Lipkin published his first poem at 15, which was praised by Eduard Bagritsky. However, the Soviet regime prevented him from publishing until his sixties. Wider recognition came when he was 70. His literary circle, which included Anna Akhmatova and Joseph Brodsky, recognized his talent much earlier.

In the 1930s, Lipkin met influential figures like poets Osip Mandelstam, Anna Akhmatova, and Marina Tsvetayeva, and prose writers Vasily Grossman and Andrey Platonov, whom he described in his memoir Kvadriga.

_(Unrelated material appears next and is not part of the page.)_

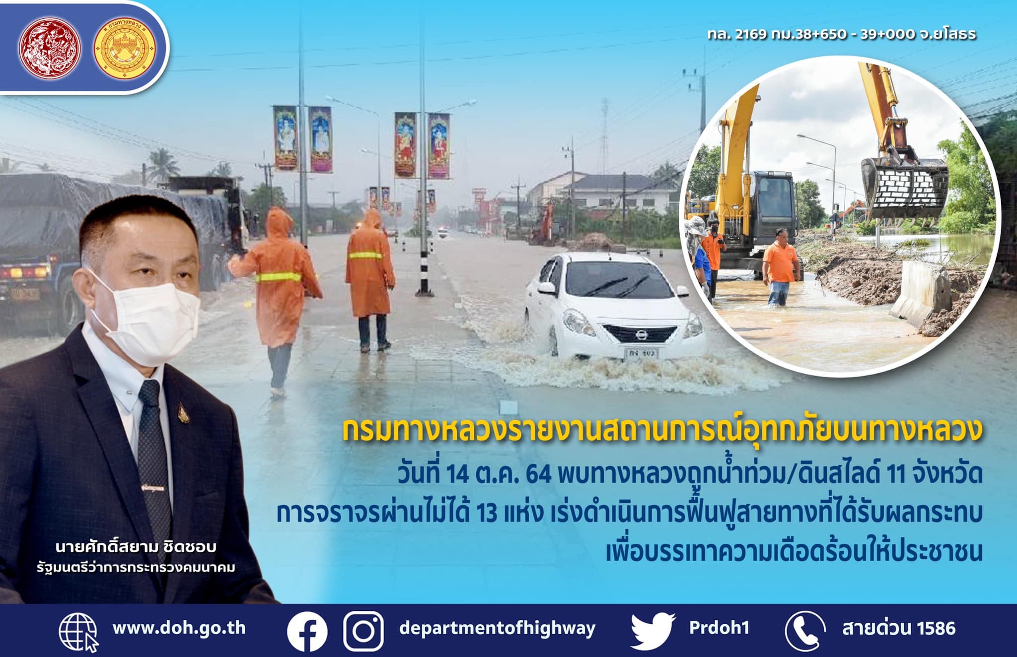 สำหรับสถานการณ์ประจำวันที่ 14 ตุลาคม 2564 เวลา 13.30 น. พบทางหลวงถูกน้ำท่วม/ดินสไลด์ และสะพานชำรุด จำนวน 11 จังหวัด ( 26 สายทาง 46 แห่ง) โดยทางหลวงในจังหวัดที่ได้รับผลกระทบจากอุทกภัย ได้แก่ 1) จ.ขอนแก่น 2) จ.มหาสารคาม 3) จ.มุกดาหาร 4) จ.นนทบุรี 5) จ.อ่างทอง 6) จ.พระนครศรีอยุธยา 7) จ.สุพรรณบุรี 8) จ.นครสวรรค์ 9) จ.จันทบุรี 10) จ.ปราจีนบุรี 11) จ.สระแก้ว ซึ่งมีการจราจรผ่านไม่ได้ 13 แห่ง ดังนี้

Lipkin was a renowned literary translator, often working from languages suppressed by Stalin. He also immersed himself in the cultures of the languages he translated, including Abkhaz, Akkadian, Buryat, Dagestani, Karbardinian, Kalmyk, Kirghiz, Tatar, Tadjik-Farsi and Uzbek. He famously hid a typescript of Vasily Grossman's Life and Fate from the KGB, initiating its journey to the West. Lipkin's translations and literary work earned him numerous accolades, including the title of Kalmykia National Poet (1967) and Hero of Kalmykia (2001).

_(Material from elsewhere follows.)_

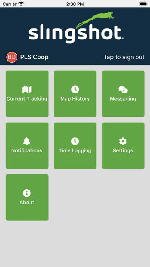 Slingshot Tracking mobile application with access to current tracking, vehicle history, weather, messaging, system notifications, and more.

=== English translations of Semyon Lipkin’s work ===

- After Semyon Izrailevich Lipkin, translation by Yvonne Green. London: Smith/Doorstop, 2011.
- Testimony from the Literary Memoirs of Semyon Izrailevich Lipkin translation by Yvonne Green. (Hendon Press, 2023) ISBN 978-1-739778-51-4
- A Close Reading of Fifty-three poems by Semyon Izrailevich Lipkin translation by Yvonne Green.(Hendon Press, 2023) ISBN 978-1-739778-52-1

=== French translations of Semyon Lipkin’s work ===
- Le Destin de Vassili Grossman (L'Age d'Homme 1990) tr Alexis Berelowitch
- L'histoire d'Alim Safarov, écrivain russe du Caucase (Dekada [Decade]). La Tour-d'Aigues: Editions de l'Aube, 2008.

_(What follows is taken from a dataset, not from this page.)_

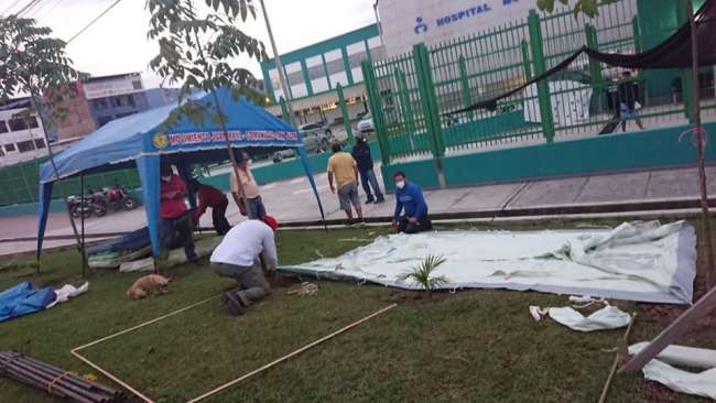 Integrantes de grupos solidarios como “El Colectivo Alto”  Mayo «Juntos Sí Podemos», Caritas y la Cruz Roja instalaron carpas a las afueras del Hospital de Moyobamba a fin que los familiares de  pacientes que se encuentran internados a causa del Covid-19 puedan protegerse de inclemente sol, la lluvia y pernoctar.

== Friendship with Vasily Grossman ==

In 1961, the manuscript for Vasily Grossman's Life and Fate was confiscated by the KGB. Semyon Lipkin hid a copy at his dacha and later gave it to Elena Makarova and Sergei Makarov for safekeeping. (Elena Makarova was Lipkin's stepdaughter, and Sergei Makarov her husband.) In 1975, Lipkin enlisted Vladimir Voinovich and Andrey Sakharov to smuggle the manuscript to the West, leading to its publication in 1980. In 2013, Grossman's manuscript was released from the Russian State Archive of Literature and Art.